> [Work item]: Omitting the pictures, print every line below exactly as it stands.

> [The data]:
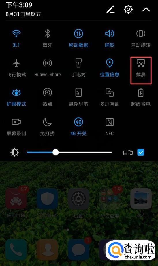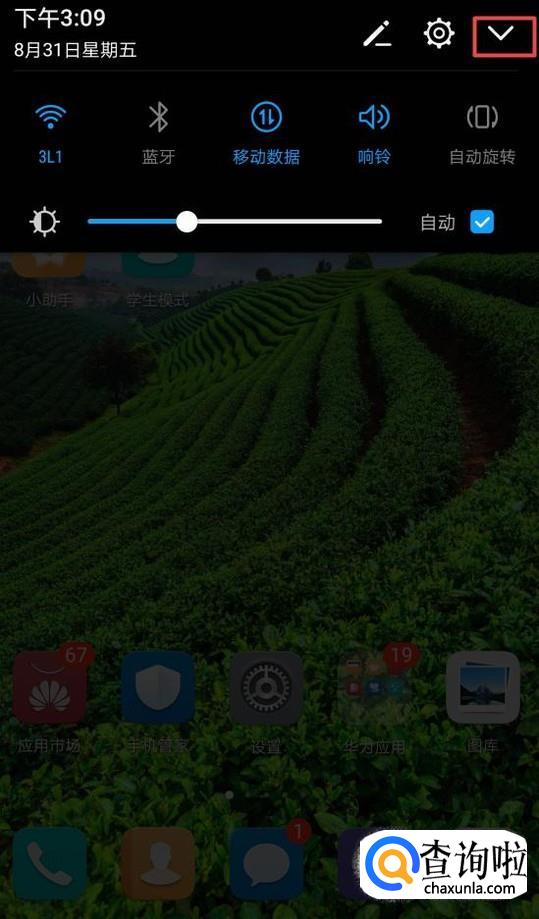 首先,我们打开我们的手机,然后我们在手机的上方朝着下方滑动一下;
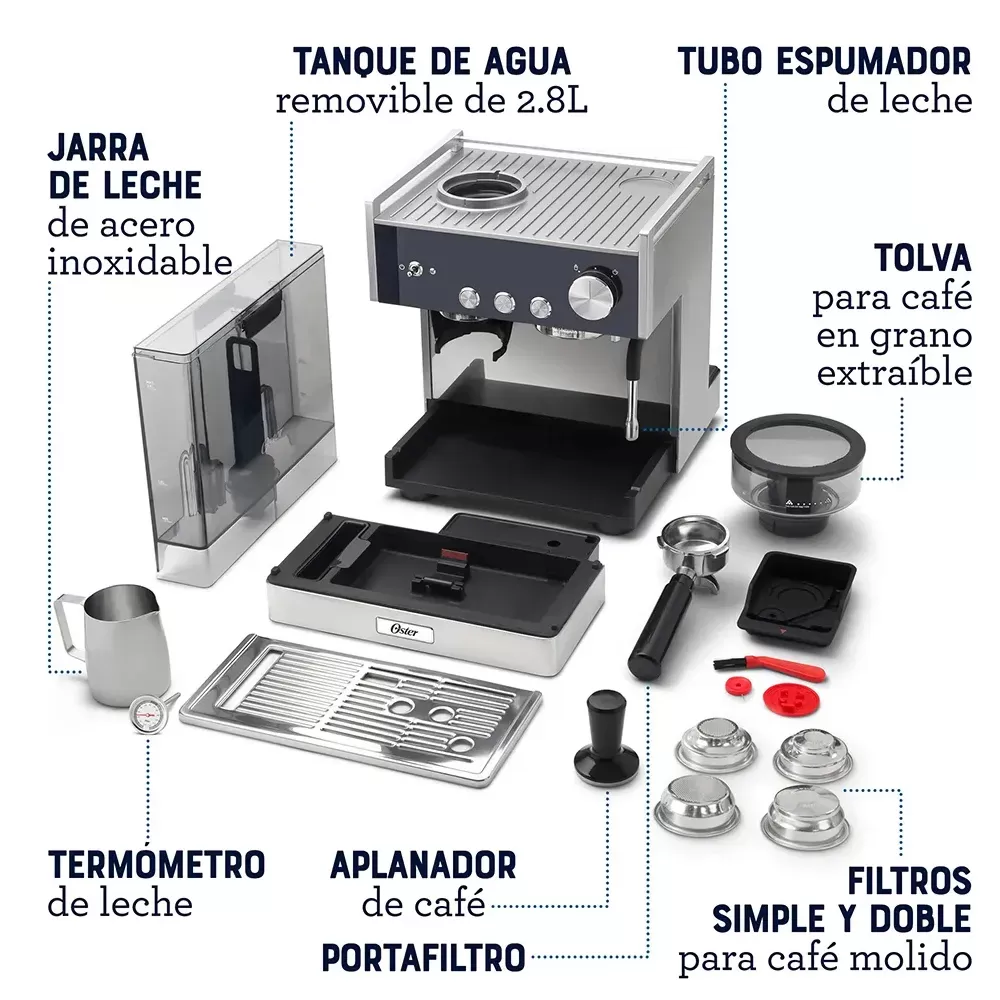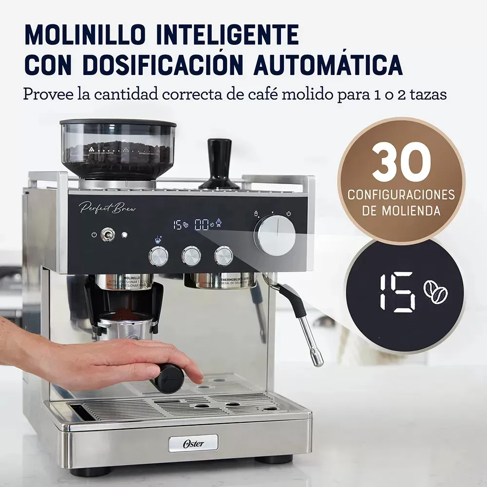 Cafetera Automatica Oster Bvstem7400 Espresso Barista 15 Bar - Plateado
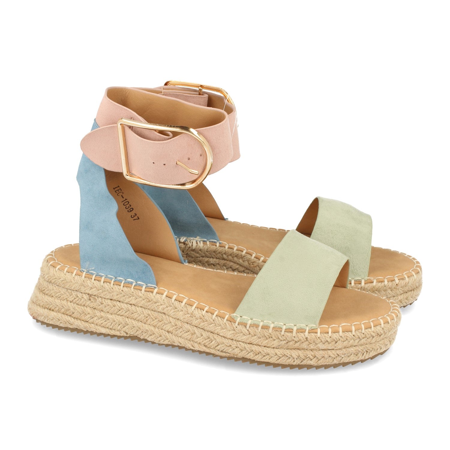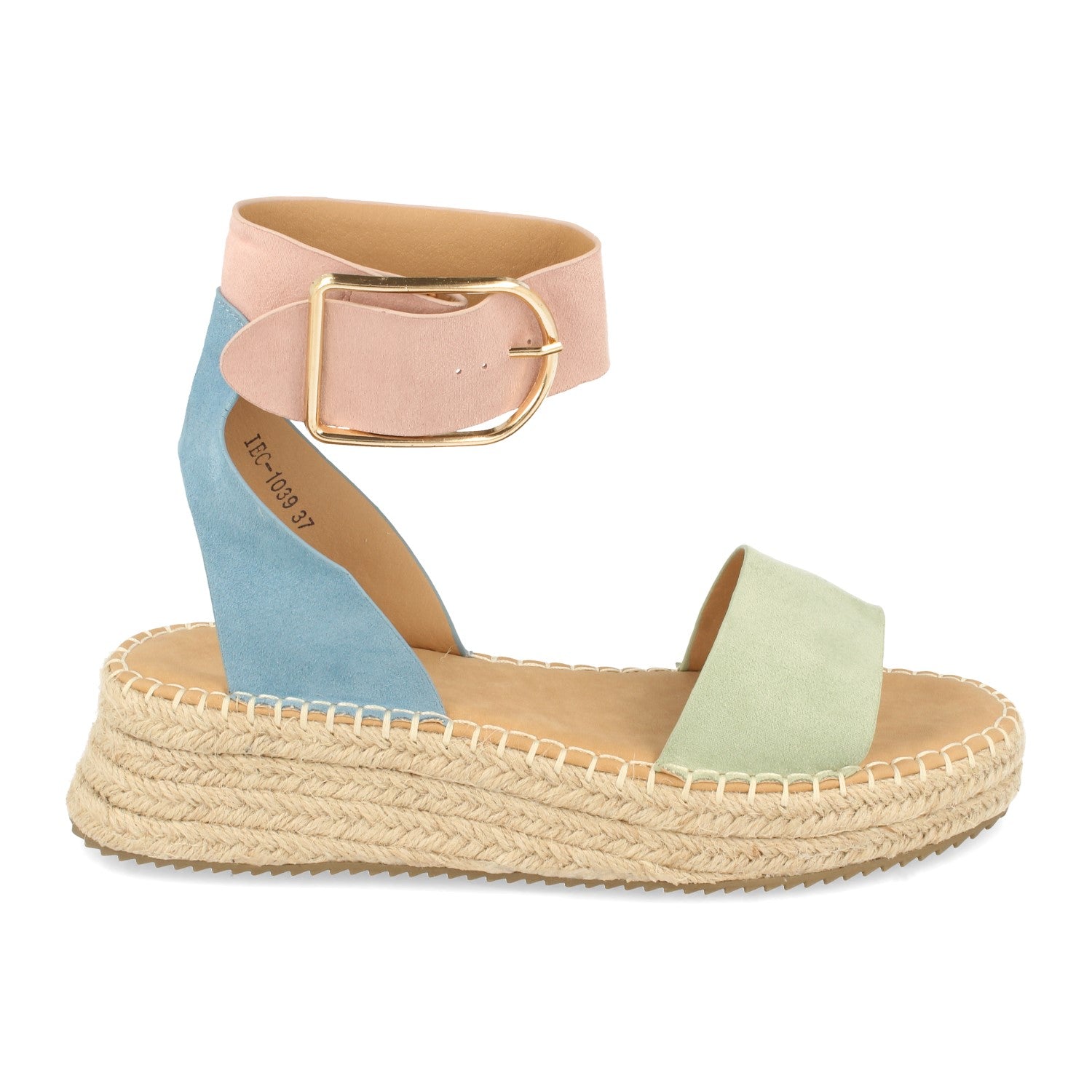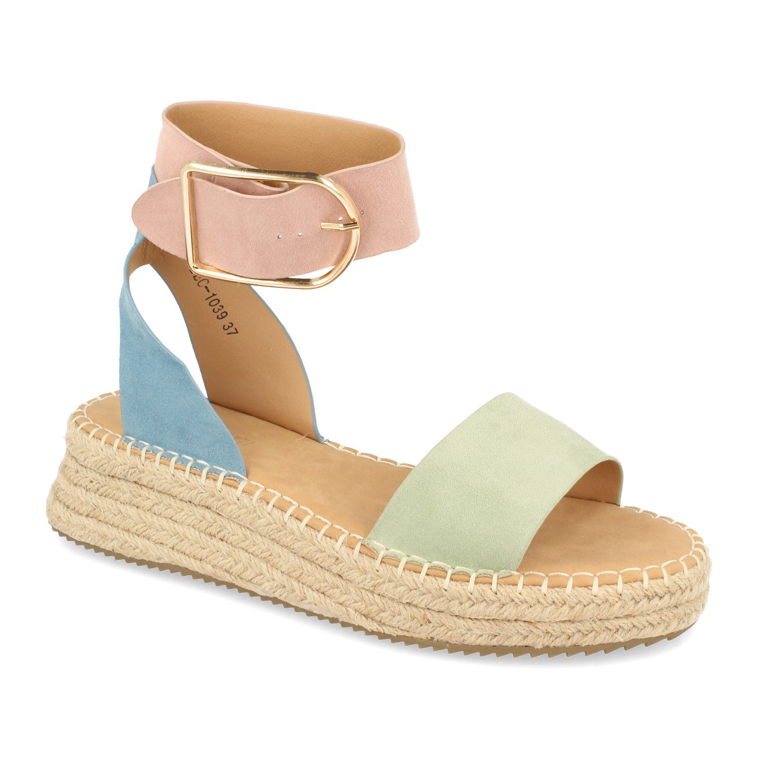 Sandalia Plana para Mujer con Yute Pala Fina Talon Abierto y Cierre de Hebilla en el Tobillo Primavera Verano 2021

> [Answer to this exercise]:
 首先,我们打开我们的手机,然后我们在手机的上方朝着下方滑动一下;
 Cafetera Automatica Oster Bvstem7400 Espresso Barista 15 Bar - Plateado
 Sandalia Plana para Mujer con Yute Pala Fina Talon Abierto y Cierre de Hebilla en el Tobillo Primavera Verano 2021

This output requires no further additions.